Solo 4 vittorie a fronte di 10 pareggi e 10 sconfitte, con 22 punti nelle ultime 24 gare sulla panchina del Bologna (le 19 del girone di ritorno della scorsa stagione e le prime 5 di questo campionato). Per non parlare poi della modesta cifra tecnica espressa nell’ultimo anno, figlia di un cambio di paradigma calcistico che ha generato una vera e propria regressione rispetto a quanto lo stesso allenatore aveva saputo mettere precedentemente in mostra.
Si possono certamente discutere e sindacare le tempistiche dell’esonero di Sinisa Mihajlovic, perché il suo rapporto col BFC avrebbe dovuto terminare verosimilmente già in estate, ma le ragioni dell’allontanamento sono spiegate dai numeri ed erano onestamente sotto gli occhi di tutti. La parola fine tra le parti è stata decretata con l’esonero: l’era Mihajlovic appartiene al passato ed è da escludere un suo ritorno alla guida dei rossoblù, anche qualora la situazione non dovesse migliorare.

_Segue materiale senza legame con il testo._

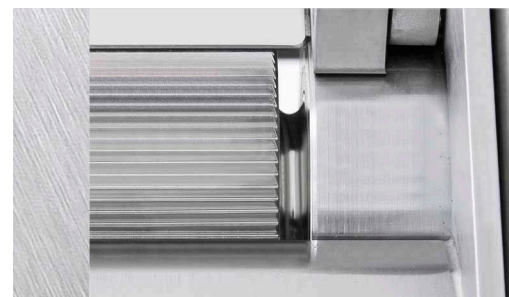
Cleaning-friendly design: hygiene radius on the transport / scraper roller

Un preambolo scontato ma necessario alla luce di un certo clima che si respira a Bologna, volto a sconfessare le motivazioni dell’esonero, minimizzando le responsabilità del serbo nell’ultimo anno di percorso e contemporaneamente picconando in maniera fin troppo ingenerosa l’uomo e il professionista Thiago Motta (emblematici i fischi di sabato sera dopo l’1-1 interno contro la Sampdoria). Farebbe sorridere, se la situazione non fosse sportivamente complicata, il pensiero che fino a poche settimane fa un buon 70% (e forse stiamo bassi) della tifoseria felsinea chiedesse a gran voce la testa di Sinisa, esasperata dal pessimo rendimento della squadra: dove sono finiti, adesso, costoro?
Motta è certamente alla ricerca del bandolo della matassa, forse anche per via di un trascorso da allenatore relativo. La particolarità del suo subentro è inoltre quella di trovarsi ad affrontare una sorta di precampionato con punti ufficiali in palio: come se fosse in ritiro, l’ex Spezia sta infatti conducendo diversi esperimenti (anche se non ama che vengano chiamati così), ha azzerato le gerarchie facendo ricorso ad ampie rotazioni (18 titolari diversi e 22 giocatori impiegati contro Empoli, Juventus e Sampdoria) e sta plasmando via via la squadra, faticando a mostrare con chiarezza le proprie idee di gioco. Nel calcio il tempo è tiranno, quindi il credito a sua disposizione non sarà infinito. Tuttavia, al netto delle difficoltà, voler giudicare in maniera definitiva il suo percorso bolognese dopo appena tre match appare quantomeno precoce, per non dire ingiusto.
Una precocità figlia anche di un campionato fortunatamente ancora in divenire: doveroso tenere la guardia alta, comprendendo e cercando di risolvere il prima possibile i problemi che si sono creati, un po’ presto invece per recitare il de profundis nei confronti di una squadra il cui valore complessivo è superiore a quanto mostrato finora, e di una stagione che vedrà la propria conclusione a giugno 2023.